6.2. Termination for Convenience. M3 may, by providing at least fifteen (15) days’ prior written notice stating the extent and effective date, terminate any SOW for convenience in whole or in part. In such event, Vendor shall immediately cease all services (including shipment of Products). M3 shall pay Vendor that portion of fees related to the Products completed and/or delivered to M3’s satisfaction prior to such termination, together with Vendor’s actual, reasonable, verifiable direct costs, if any, incurred in closing-out such services, less any payments made prior to such termination. Vendor shall not be paid for any Products performed after receipt of a notice of termination. Vendor shall have no further claim against M3 on account of such termination.

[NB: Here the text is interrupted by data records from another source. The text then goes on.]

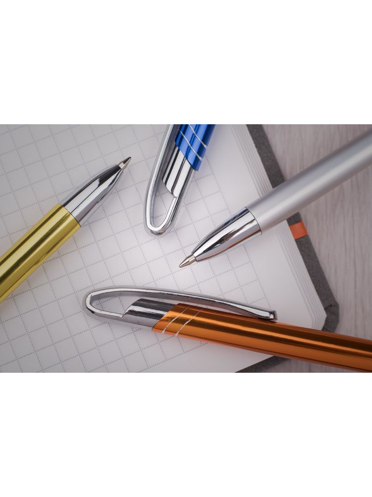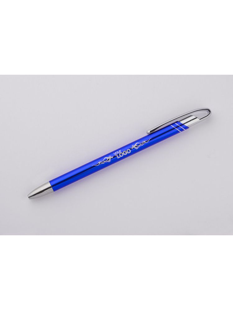 Cienki i zgrabny metalowy długopis w kolorze o metalicznym wykończeniu. Klip i końcówki w kolorze srebrnym chromowanym. AVALO wyróżnia się wśród podobnych długopisów oryginalnym projektem klipu. Korpus ozdobiony został dwoma skośnymi paskami w kolorze srebrnym. Wkład o grubości 0,7 mm w kolorze niebieskim.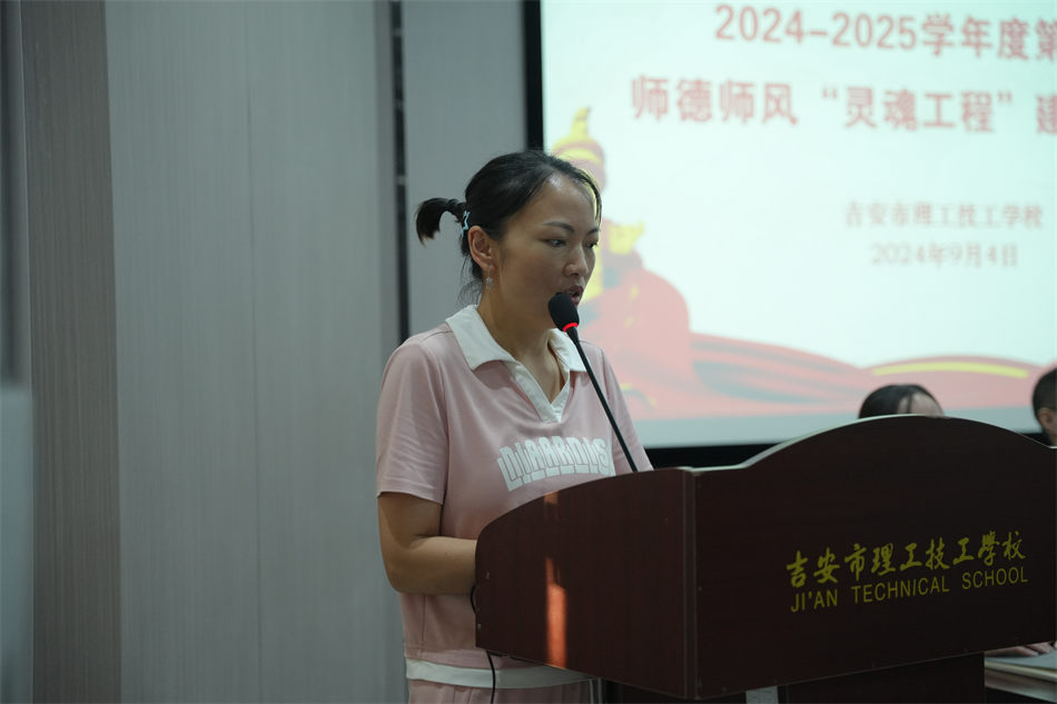 隨后,黨支部對本學(xué)期師德師風(fēng)“靈魂工程”建設(shè)實施方案進行了解讀;賴董事長帶領(lǐng)教職員工進行了《人民教師誓詞》宣誓儀式,并與教師代表簽定并了《吉安市理工技工學(xué)校師德師風(fēng)承諾書》;李亭燕、朱書敏作為優(yōu)秀教師代表進行了表態(tài)發(fā)言。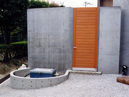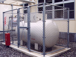 今までは50Kgボンベを沢山並べてお客様に供給していましたが今後は写真のような小型タンクを設置して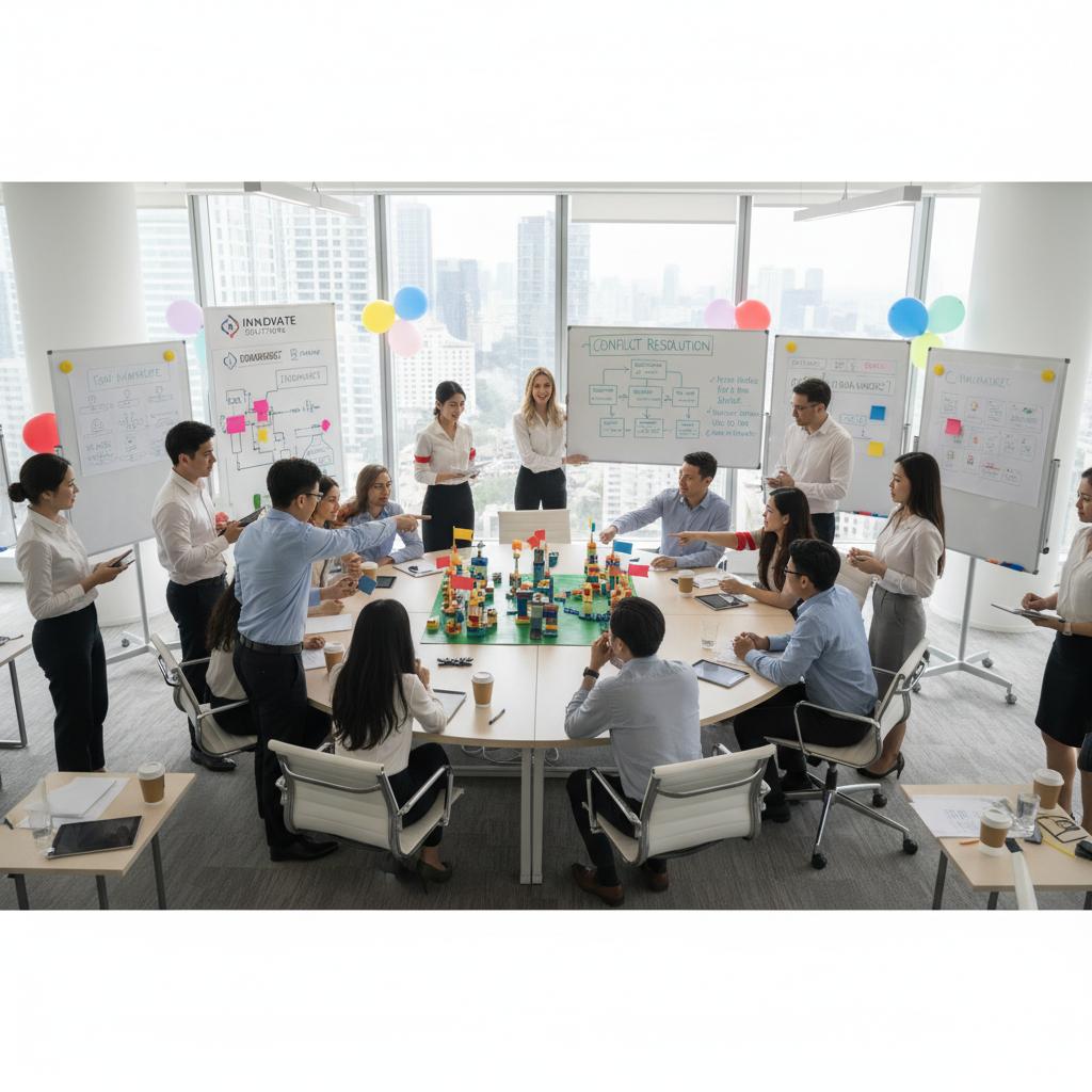 - Edukacyjne symulacje konfliktów i ćwiczenia do wdrożenia w zespole.

6.3. Effect of Termination. All provisions of this Agreement pertaining to warranties, taxes, audits, intellectual property, confidentiality, indemnity, limitations of liability, choice of law, and jurisdiction shall survive completion and acceptance of any Products or the termination of a SOW. In addition, no later than ten (10) days after termination or non-renewal, Vendor shall return or certify destruction of all Confidential Information in its possession or control of M3.
7.1. Notices. All notices must be in writing and addressed to the parties as set out in the SOW by certified or registered mail, courier, or email.
7.2. No Publicity. Vendor shall not disclose or use M3’s name, trademarks or logos and shall refrain from making or causing to be made, any public announcement, advertisement, or news release of any kind concerning this SOW, without express written permission of M3.
7.3. Exports. Vendor acknowledges that the Product delivered under this Agreement may be subject to the export and import control laws of various countries (“Export Laws”). Both parties will comply with the Export Laws in the performance of this Agreement. Vendor will cooperate with M3 as reasonably necessary to ensure compliance with Export Laws and agrees to provide all information reasonably requested by M3 for the purposes of export and import licensing procedures.
7.4. No Waiver. M3’s failure or delay in exercising any of its rights shall not constitute a waiver of such rights unless expressly waived in writing.
7.5. Relationship. The parties are independent contractors, and nothing contained in this Agreement shall be construed to constitute as agents, partners, joint ventures, or otherwise as participants in a joint undertaking, that would give a party the express or implied right, power, or authority to create any duty or obligation of the other party.
7.6. Force Majeure. Neither Party shall be in default of this Agreement because of a delay or failure in performance of its obligation resulting from any cause beyond its reasonable control, provided it gives reasonably prompt notice to the other Party and uses reasonable efforts to mitigate the delay or failure.
7.7. No Assignment. Vendor may not assign its rights or delegate its duties under this Agreement without the prior written consent of M3.
7.8. Severability. If any provision of this Agreement is held to be invalid or unenforceable, such provision will be interpreted in a manner that best reflects the parties’ intentions, and any other provisions will remain in full force and effect.
7.9. Law and Jurisdiction. This Agreement and the subject matter thereof shall be governed and construed according to the laws of Georgia, without reference to conflict of laws principles. Any claims are subject to the exclusive and appropriate federal, state, or local court having jurisdiction in Atlanta, Georgia. The parties hereby disclaim and exclude the application hereto of the United Nations Convention on Contracts for the International Sale of Goods. Notwithstanding the foregoing, M3 may bring a claim for equitable relief in any court with proper jurisdiction.